## [Task prompt]
Would you please restate the data exactly as it stands, apart from the pictures?

## [The data]
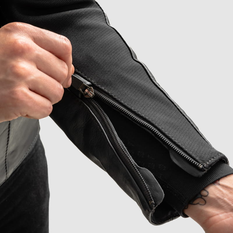 Kurtka jest wyposażona w centralny panel wentylacyjny, który można ukryć pod głównym zamkiem, zapewniając optymalną wentylację podczas jazdy.
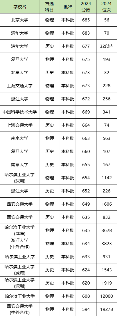 历史类:最低分为673分,位次32名;
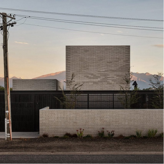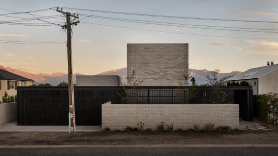 暴露的砌塊結構,以及由輕質鋼材和炭化木材制成的屏風,共同構成了位于新西蘭瓦納卡的SKI住宅的塊狀外立面,該住宅沒有面向街道的窗戶。
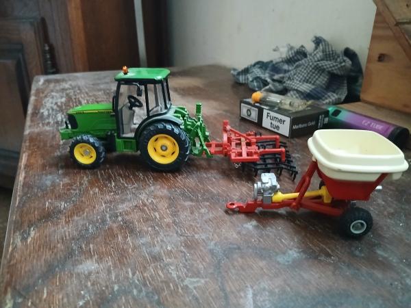 Tracteur JOHN DEERE 5615f siku avec herse et distributeur d engrais.en très bon état sera emballé avec soin
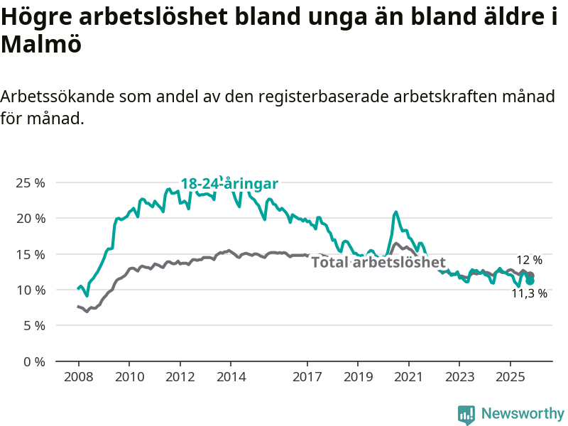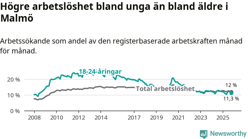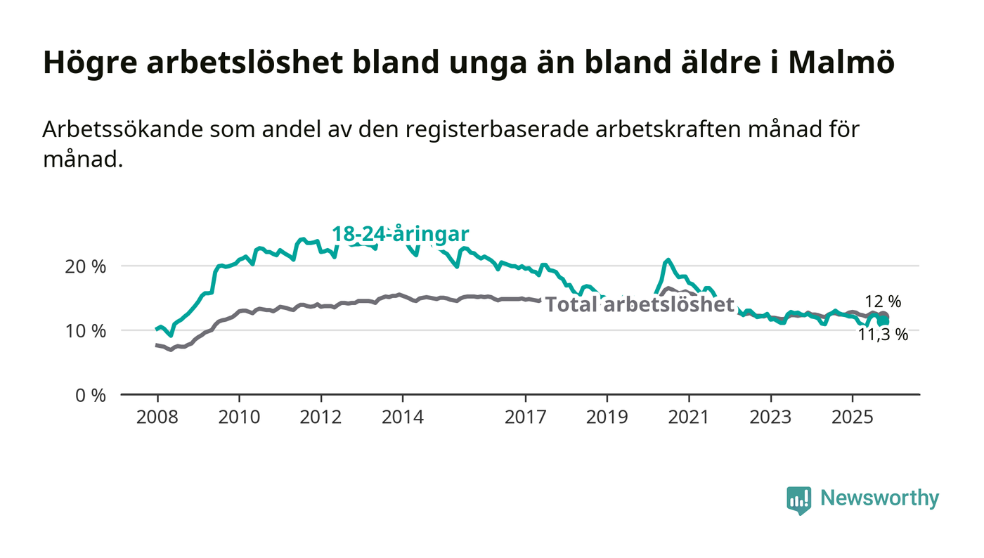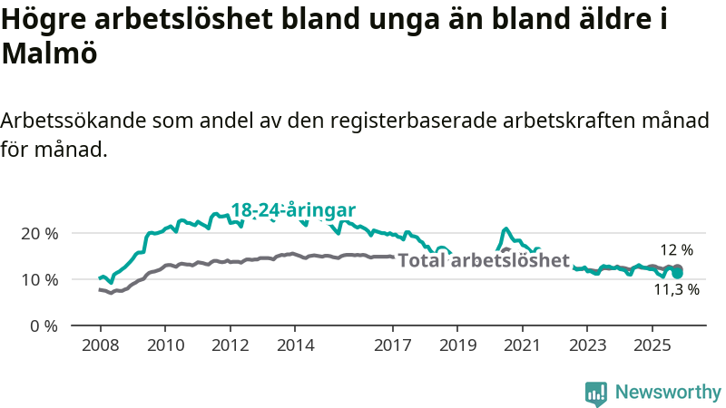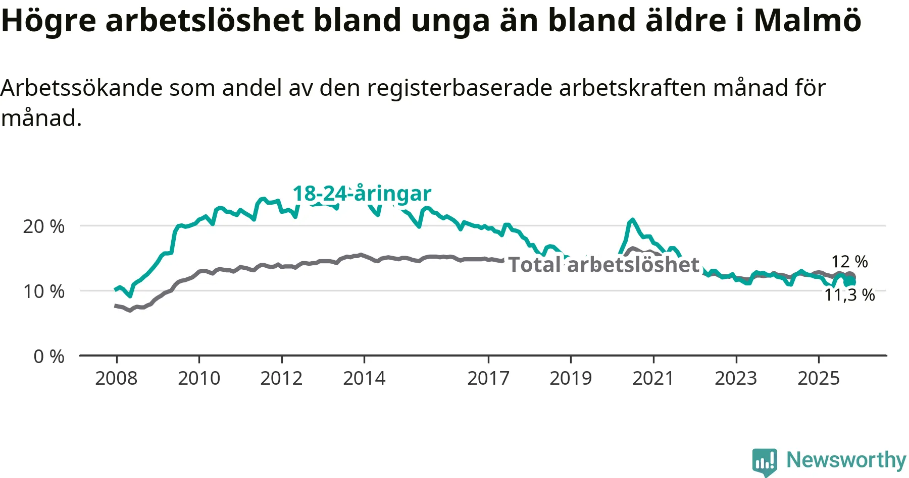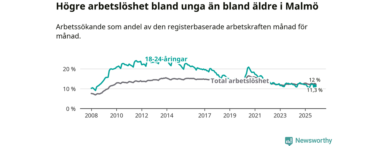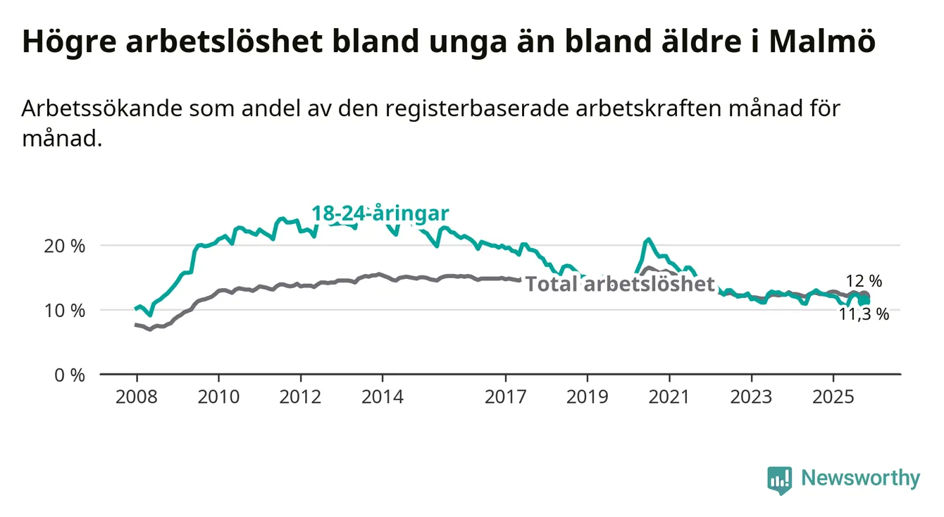 Precis som den totala arbetslösheten ligger ungdomsarbetslösheten i Malmö högre än i Skåne som helhet. Skillnaden mellan kommunen och länet är 1,6 procentenheter.
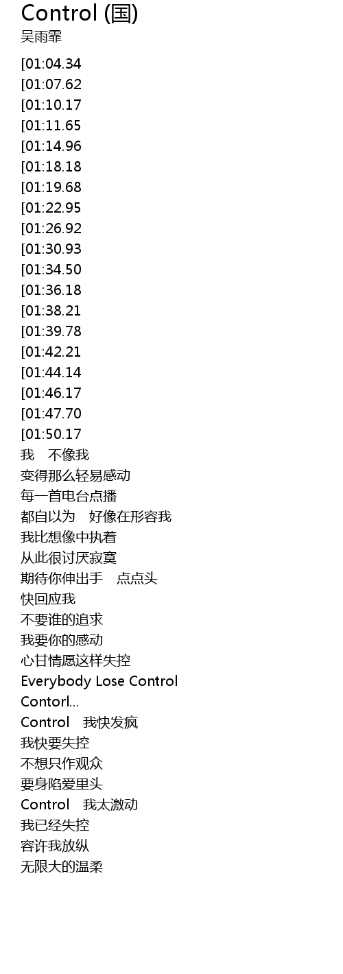 | [00:56.04][01:44.14][02:24.01][03:12.53] | Control Lose Control |
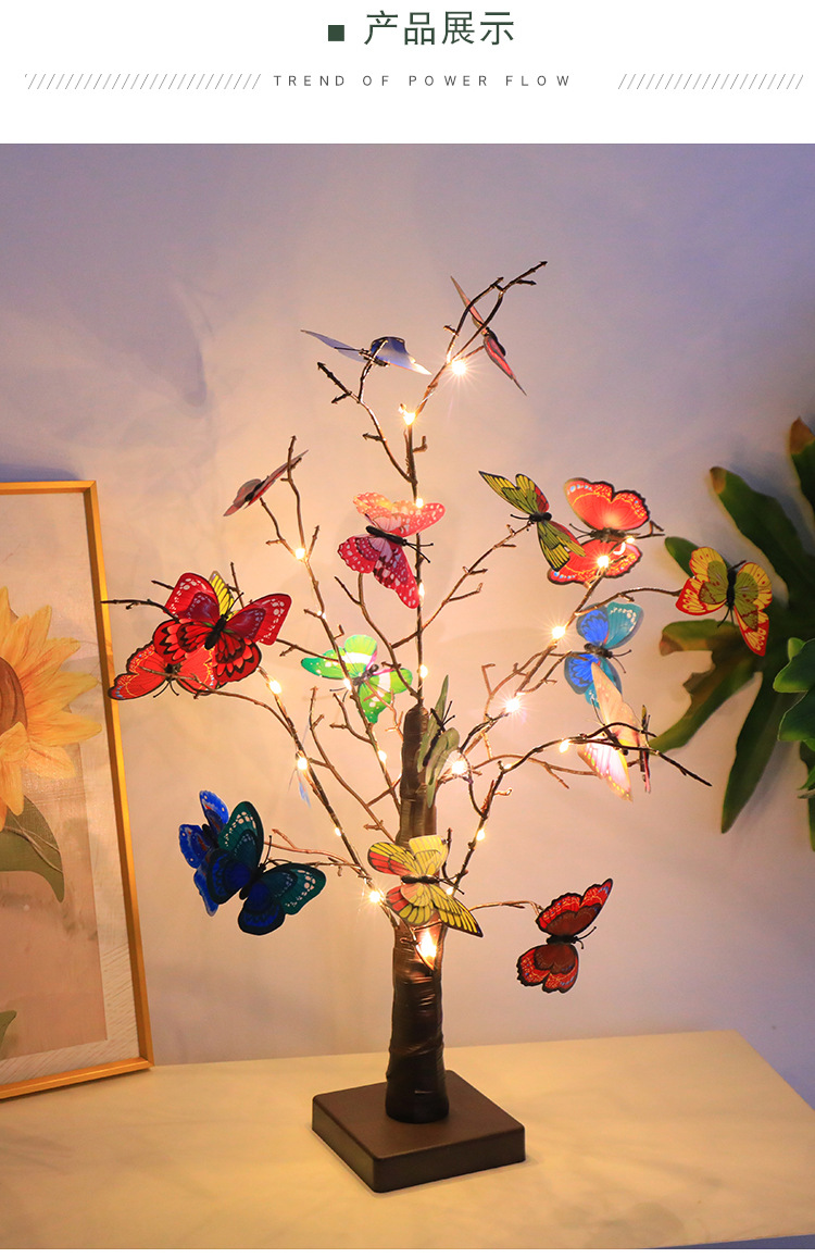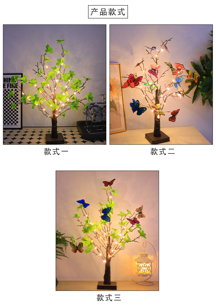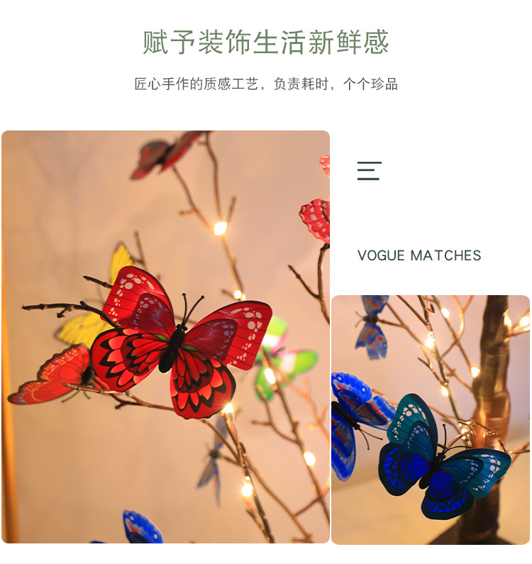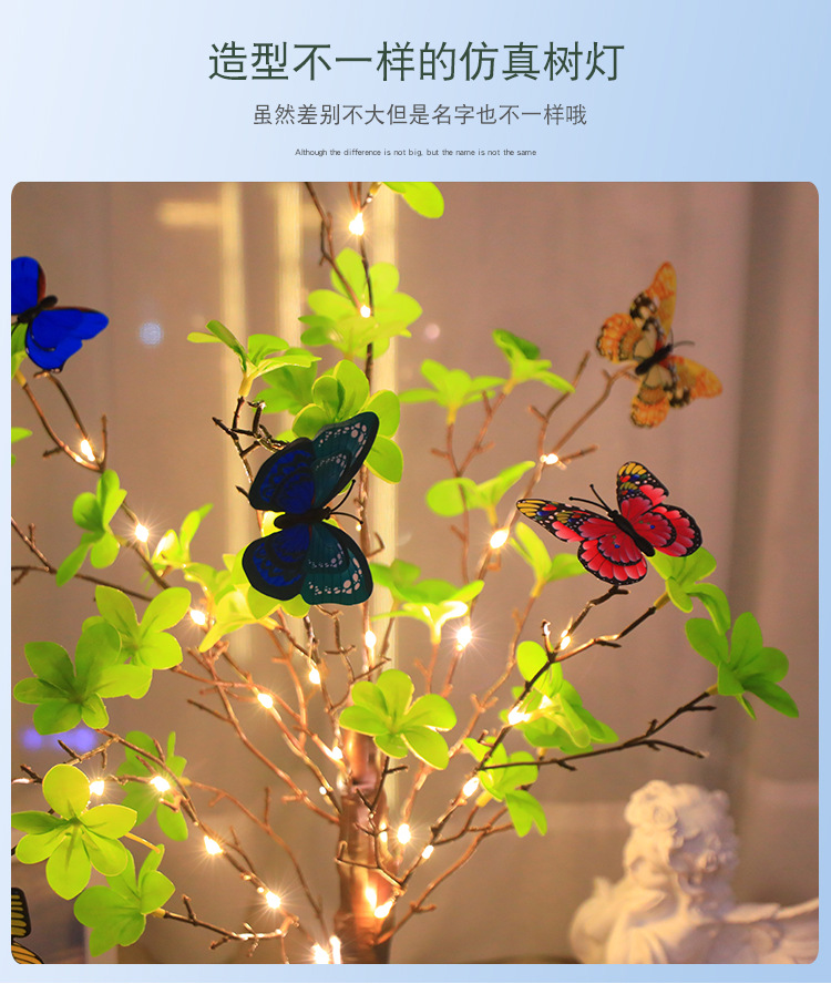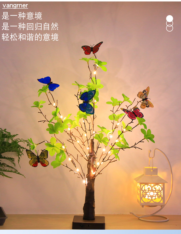 새로운 국경 2024LED 시뮬레이션 죽은 지점 나비 시계 매달려 녹색 축제 분위기 배경 빛나는 작은 나무 램프 잎스토어 가기

## [Problem solution]
 Kurtka jest wyposażona w centralny panel wentylacyjny, który można ukryć pod głównym zamkiem, zapewniając optymalną wentylację podczas jazdy.
 历史类:最低分为673分,位次32名;
 暴露的砌塊結構,以及由輕質鋼材和炭化木材制成的屏風,共同構成了位于新西蘭瓦納卡的SKI住宅的塊狀外立面,該住宅沒有面向街道的窗戶。
 Tracteur JOHN DEERE 5615f siku avec herse et distributeur d engrais.en très bon état sera emballé avec soin
 Precis som den totala arbetslösheten ligger ungdomsarbetslösheten i Malmö högre än i Skåne som helhet. Skillnaden mellan kommunen och länet är 1,6 procentenheter.
 | [00:56.04][01:44.14][02:24.01][03:12.53] | Control Lose Control |
 새로운 국경 2024LED 시뮬레이션 죽은 지점 나비 시계 매달려 녹색 축제 분위기 배경 빛나는 작은 나무 램프 잎스토어 가기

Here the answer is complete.